SUPPLIED DATA Start Marker

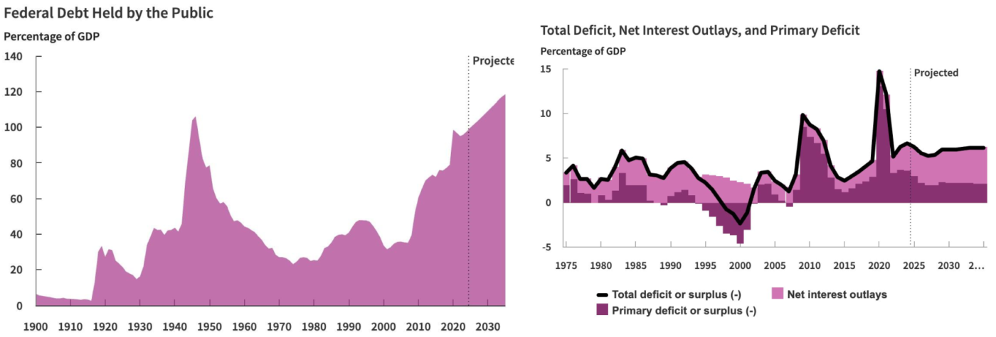 Figure 3: The unsustainable fiscal trajectory of the United States, with debt held by the public projected to rise significantly.
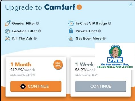 Camsurf costs give the random chat users access to gender filter, location filter, cam2cam private chat, and without any ads.
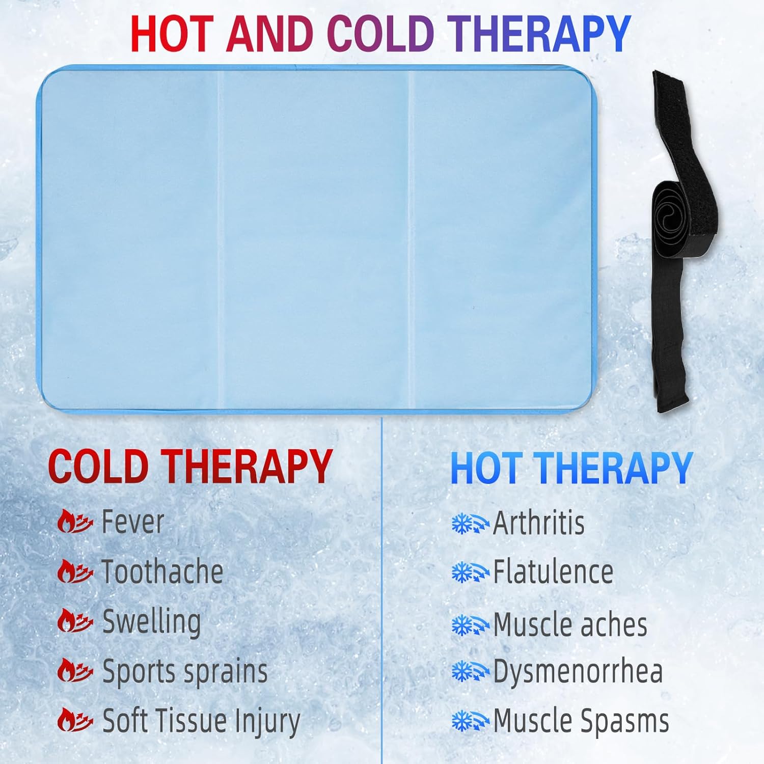 - HOT AND COLD THERAPY: Our ice pack for back offers dual functionality. Heat therapy can help alleviate abdominal pain, joint stiffness, and promote blood circulation. Cold therapy is ideal for relieving muscle soreness and aiding in post-operative recovery.
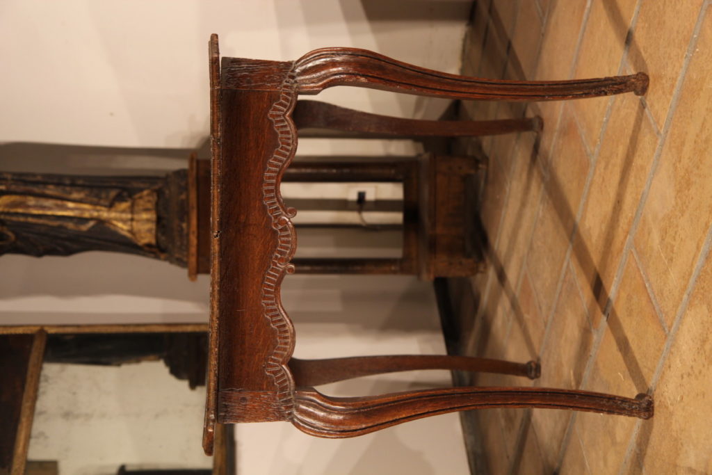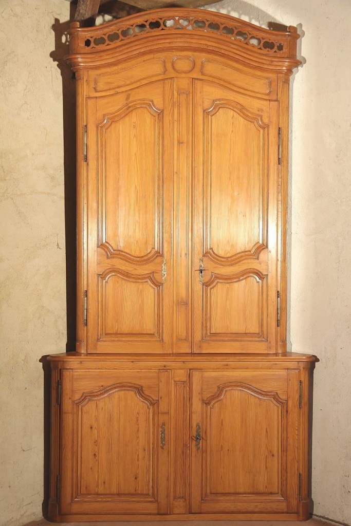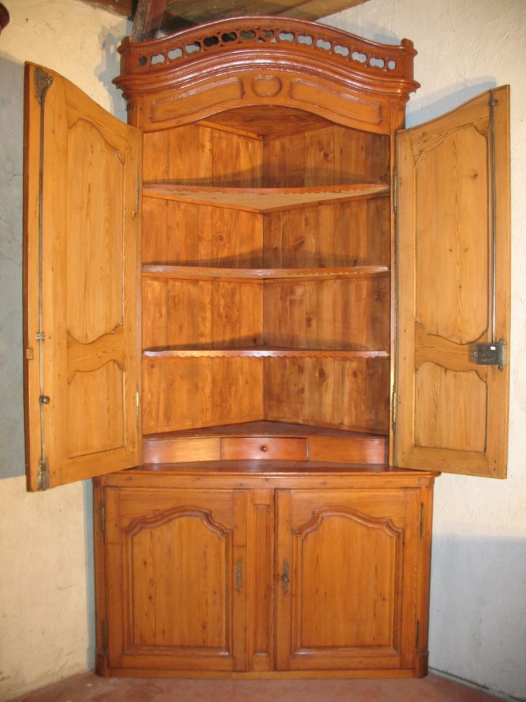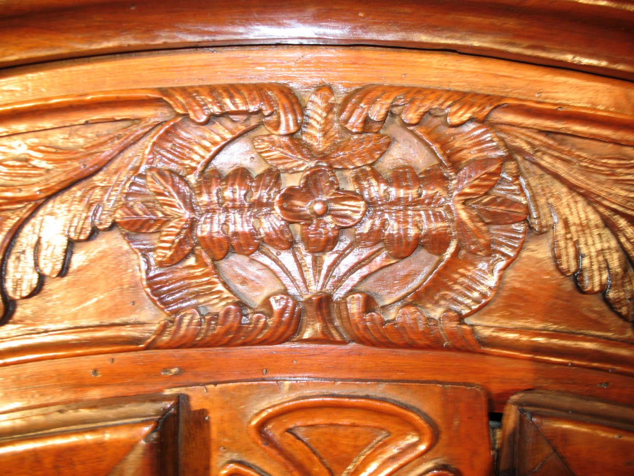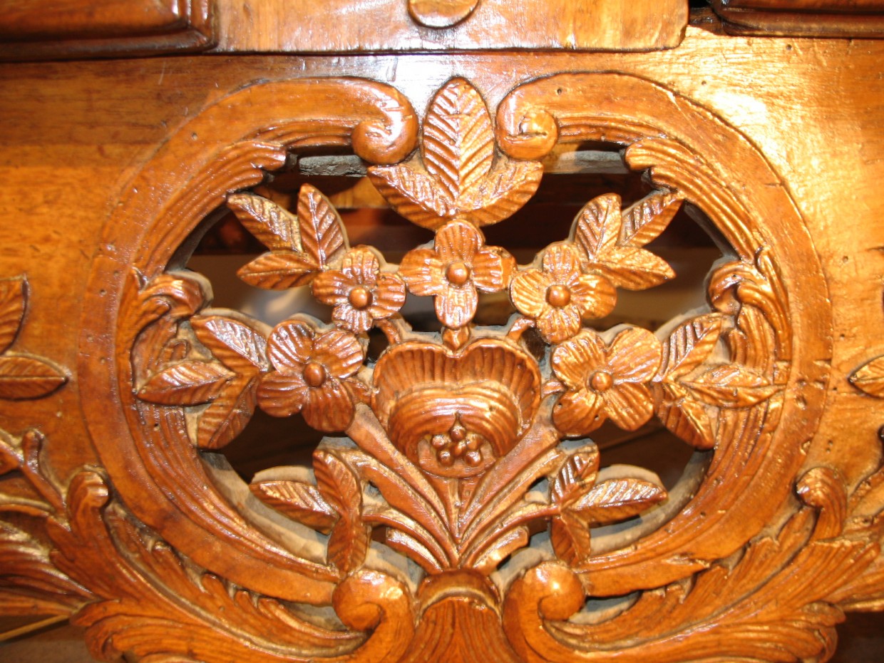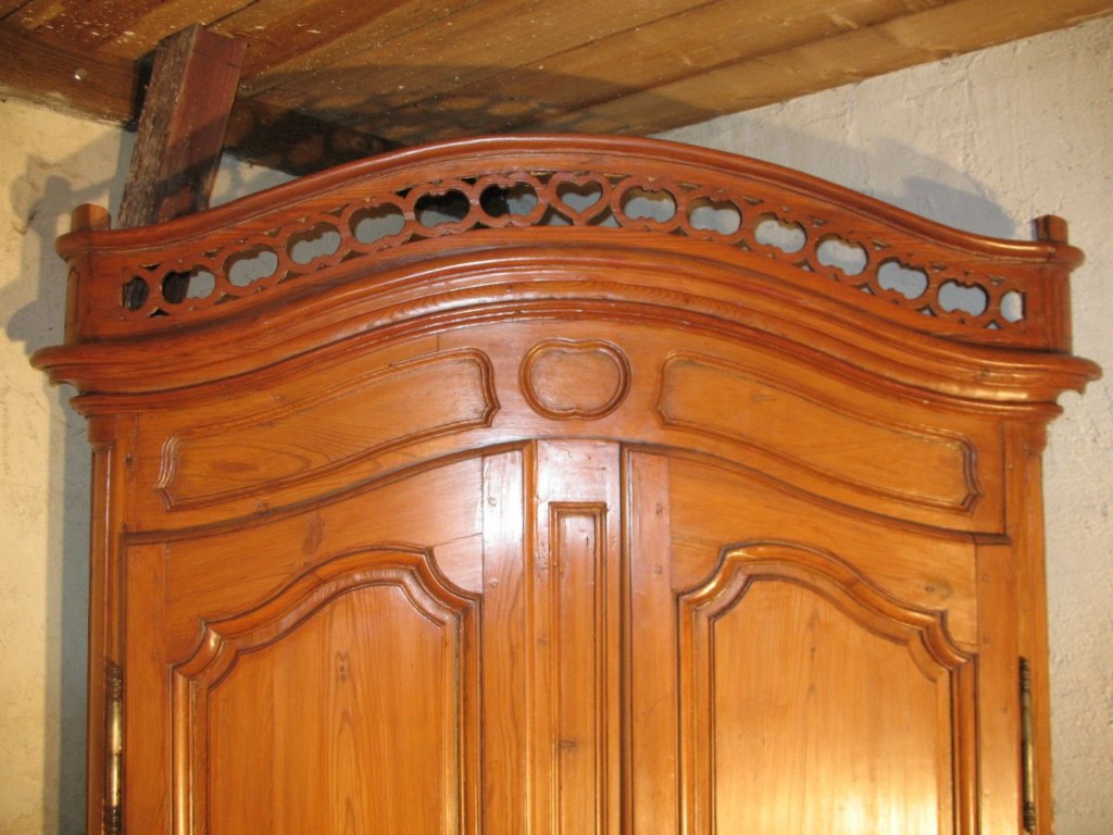 18thC marriage armoire, in walnut wood, from Provence. Doors comprising 3 panels with framing mouldings. “Chapeau de gendarme” cornice. Carved decoration of fruit and flowers (pomegranates, branches of nettle tree …). Pierce carved low apron with bride’s bouquet.
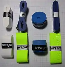 An overgrip (also known as an overwrap) is a soft, padded, clothlike tape wrapped around the grip of a racquet, and are commonly used in the sport of tennis, badminton, squash, and pickleball. The purposes of an overgrip include (but are not limited to) increasing the racquet handle's circumference, customizing the texture and feel of the handle, adding padding/cushioning for more comfort, or for cosmetic purposes (many overgrips have multiple color and pattern options). There are generally two categories of overgrips: Tacky grips help increase the tackiness (stickiness) of the racquet handle to allow for a better grip and minimize slipping, while absorbent overgrips are designed to absorb the sweat that comes off of a player's palms.
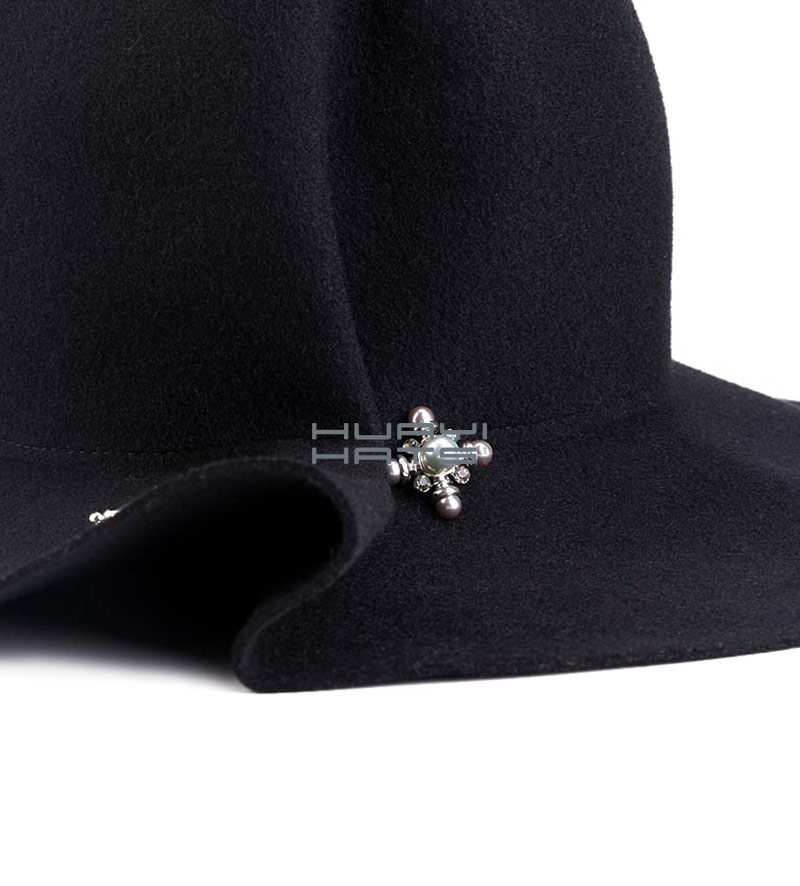 This womens black floppy hat has just the right amount of "flop" not so much that it falls in your eyes but enough to make it look nice and not too rigid. It's made of 100% Australian wool felt. It has a ribbon on the inside, which allows you to customize the fit. It features a pin on the floppy brim. This oversized wide brim floppy beach sun hat provides both perfect protection and a stylish, fashion look. Design of this elegant party hat: Very stylish, floppy brimmed sun hat. This womens floppy hat is great for fall or winter.
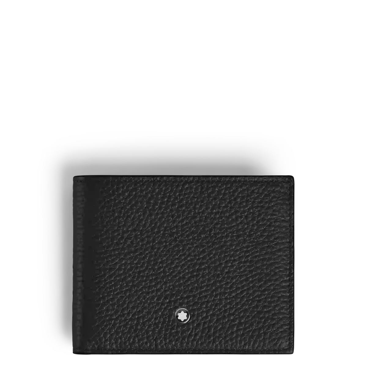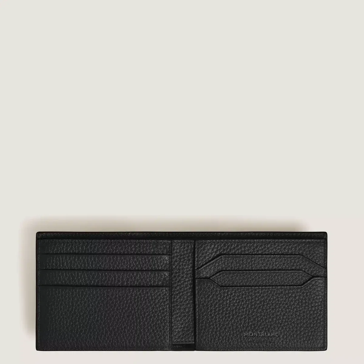 Denna klassiska, smala och sofistikerade plånbok i svart premiumkornat läder är ett elegant val för vardagsbruk. Den är genomtänkt designad och har sex kreditkortsfack, två fack för sedlar och två extra fickor för kvitton. Den är fodrad med svart tyg och avslutas med det ikoniska Montblanc-emblemet, vilket kombinerar praktisk funktion med tidlös stil.

SUPPLIED DATA End Marker

(TO DO) Between and including the line with "- HOT AND COLD" and the line with "An overgrip (also", repeat every line exactly as it appears above, with pictures left out.

(ANSWER SECTION)
 - HOT AND COLD THERAPY: Our ice pack for back offers dual functionality. Heat therapy can help alleviate abdominal pain, joint stiffness, and promote blood circulation. Cold therapy is ideal for relieving muscle soreness and aiding in post-operative recovery.
 18thC marriage armoire, in walnut wood, from Provence. Doors comprising 3 panels with framing mouldings. “Chapeau de gendarme” cornice. Carved decoration of fruit and flowers (pomegranates, branches of nettle tree …). Pierce carved low apron with bride’s bouquet.
 An overgrip (also known as an overwrap) is a soft, padded, clothlike tape wrapped around the grip of a racquet, and are commonly used in the sport of tennis, badminton, squash, and pickleball. The purposes of an overgrip include (but are not limited to) increasing the racquet handle's circumference, customizing the texture and feel of the handle, adding padding/cushioning for more comfort, or for cosmetic purposes (many overgrips have multiple color and pattern options). There are generally two categories of overgrips: Tacky grips help increase the tackiness (stickiness) of the racquet handle to allow for a better grip and minimize slipping, while absorbent overgrips are designed to absorb the sweat that comes off of a player's palms.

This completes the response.